Kadena, once touted as a scalable alternative to Ethereum and Bitcoin, has announced it is ending all business operations and dissolving the organization.
According to a statement on X, the team can no longer sustain active development or corporate management due to unfavorable market conditions.
Despite the shutdown, the Kadena network will remain online. The company noted that the blockchain is supported by independent miners and developers. It also released a software update that allows nodes to operate without the founders’ involvement.
More than 566 million KDA will continue to be distributed as mining rewards until 2139, while 83.7 million tokens will gradually unlock by 2029.
News of the closure sent KDA tumbling over 60%, falling below $0.09 and erasing nearly all gains from the past five years. Trading volume surged 1,200% to $87.5 million.

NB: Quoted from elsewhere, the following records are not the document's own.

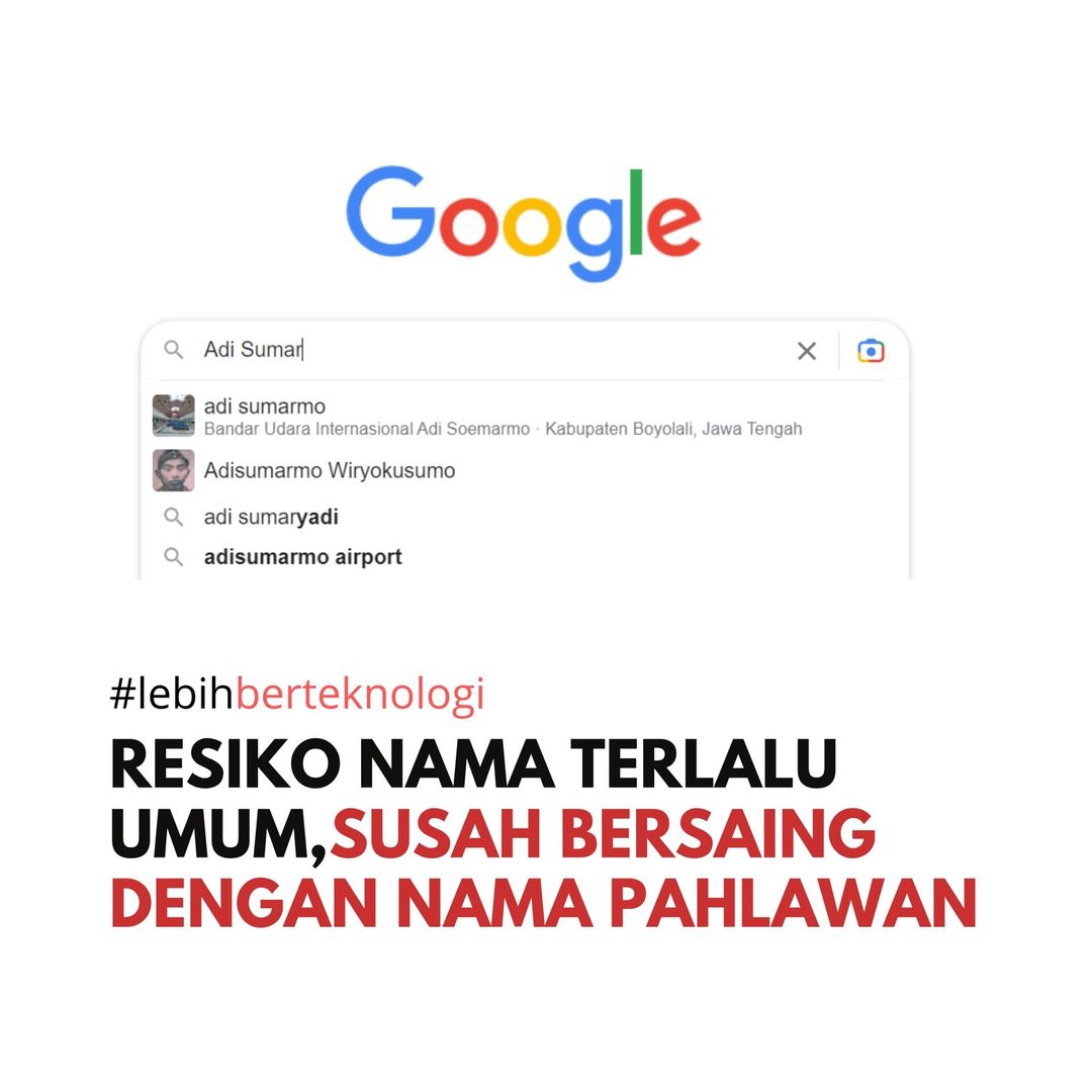 Canggih kalau saat disearch di Google dan google kasih rekomendasi, nama kita sellalu kalah dengan nama Pahlawan, nama artis dll.
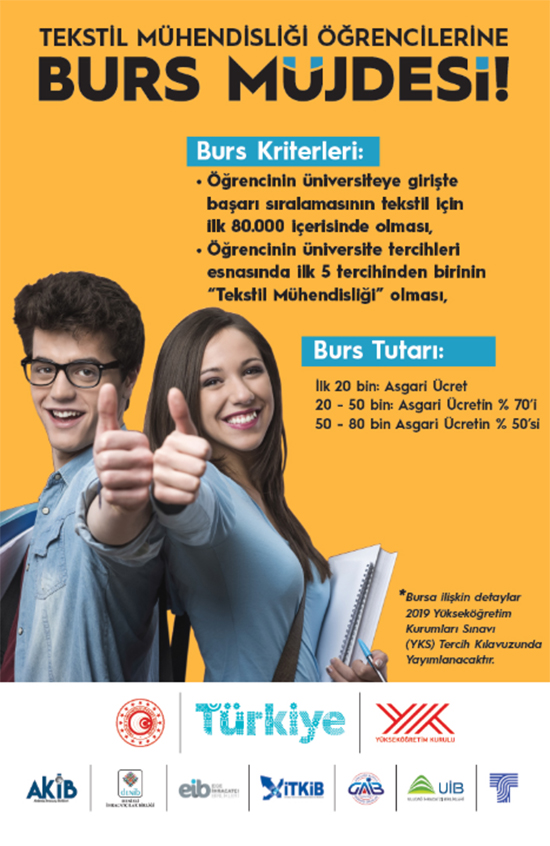 İstanbul Tekstil ve Hammaddeleri İhracatçıları Birliği tarafından konu ile ilgili yapılan açıklamada YKS sonucuna göre ilk 80 bin içinde olup da, ilk beş tercihinden birisi Tekstil Mühendisliği olan gençlere, aday ilk 20 binde ise asgari ücret (2020 TL) kadar, ilk 20 ila 50 bin arasında ise asgari ücretin yüzde 70 'i kadar (1414 TL), ilk 50 ila 80 bin arasında ise asgari ücretin %50'si kadar (1010 TL) burs verilececeği bildirildi.
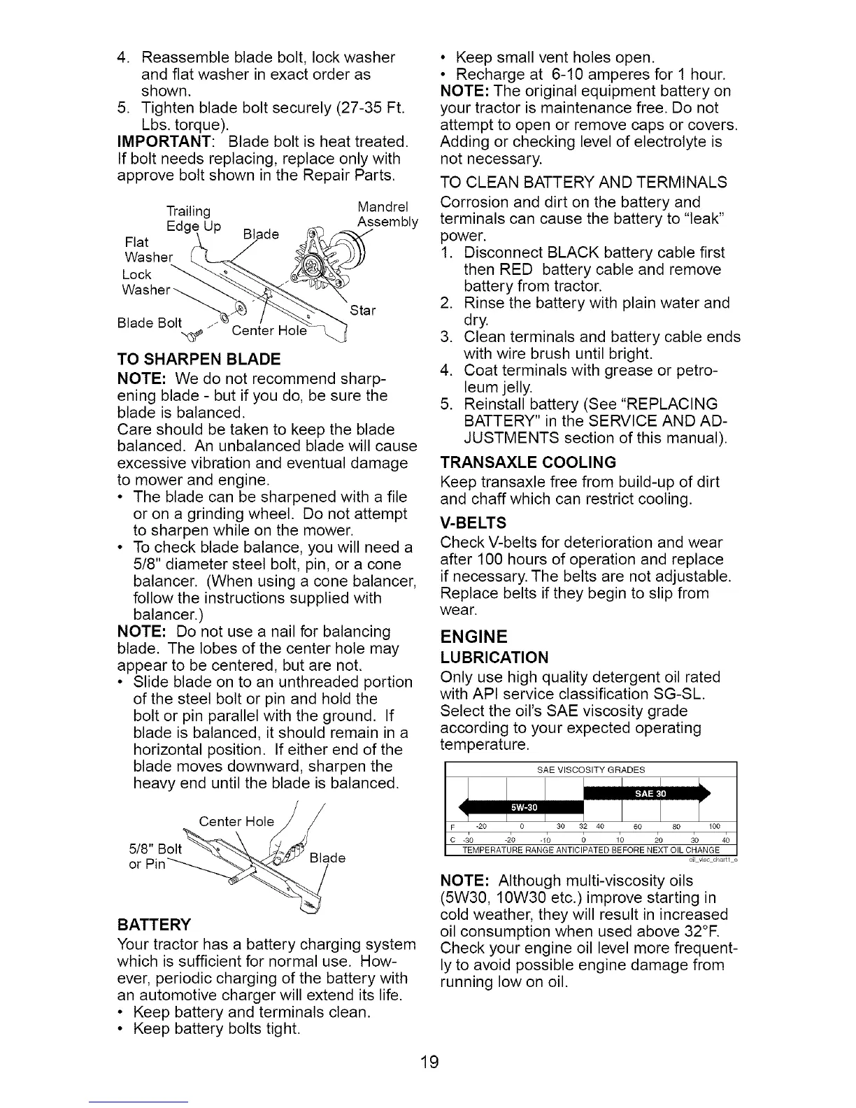 5. Tighten blade bolt securely (27-35 Ft.
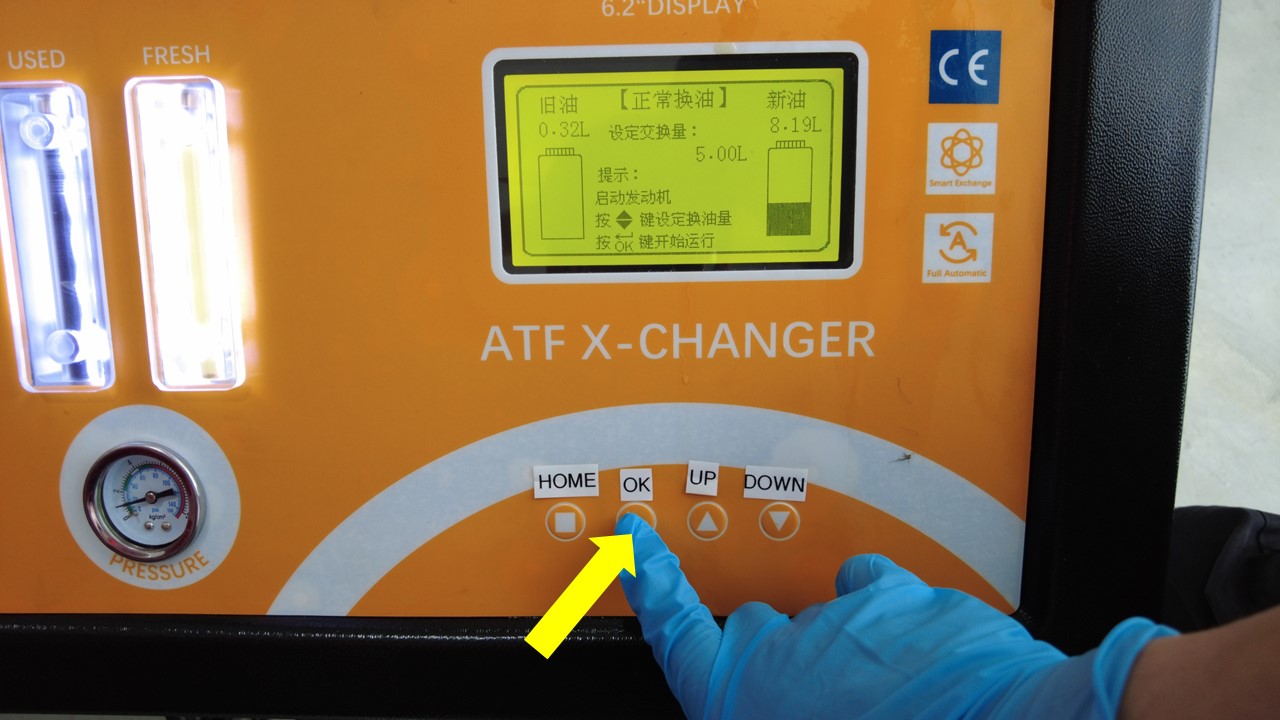 and then press the OK button to start the oil exchange process.
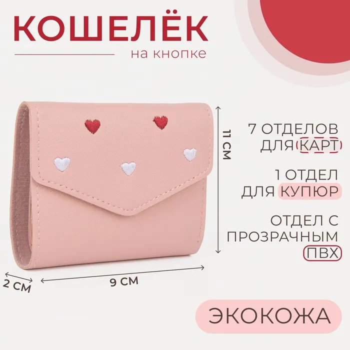 Кошелёк на кнопке, цвет розовый — Характеристики
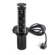 Multi-connecteur ou tour multiprises élevable , une solution efficace qui apporte de la fonctionnalité à vos meubles et qui reste totalement intégré dans les meubles de la cuisine, du bureau et de la maison. Parfait aussi bien pour les modules hauts que pour les modules bas grâce à son design rétractable et facilement dissimulable. Il s'adapte parfaitement aux bureaux dotés de passe-câbles. Il dispose de trois prises type Schuko avec puissance maximale admissible jusqu'à 3500W – 16A et de deux connecteurs USB pour charger des dispositifs électroniques 5V DC (1 x 1A / 2 x 0,5A), comme des smartphones ou des tablettes. Très versatile, le montage ne requiert qu'un usinage de D. 60 mm, et peut être installé dans des surfaces d'importante épaisseur, entre 1 y 95 mm. Il est fixé sur le meuble sans outils grâce à l'écrou de fixation manuelle. Il est doté d'un discret témoin d'allumage LED et d'un câble de 1,8 m avec prise pour 230V AC 50Hz.

The price of KDA fell by more than 60%. Source: tradingview.com
The shutdown sparked a wave of backlash from the community. Kaddex, a decentralized exchange built on the Kadena network, announced plans to file a class-action lawsuit against the project’s leadership, accusing it of negligence and mismanagement of investor funds. Representatives said they have already begun gathering participants and hiring legal counsel to organize the case.
Kaddex claims to possess full documentation, including materials for individual lawsuits against Kadena’s directors. The company said it intends to defend its rights and hold former management accountable for the token’s collapse, which caused millions in user losses.
Founded in 2019 by former JPMorgan engineers Stuart Popejoy and Will Martino, Kadena introduced a “braided” multi-chain architecture that combined Proof-of-Work with smart contracts – a rare innovation at the time. In 2021, Kadena’s market capitalization hit $25 billion, but developer activity later declined, and the project struggled to compete with newer Layer-1 networks.
Now Kadena’s future rests with its community. Project reps added that the shift to decentralized governance will test whether a PoW network can survive without a central team, sustained only by miners and dedicated supporters.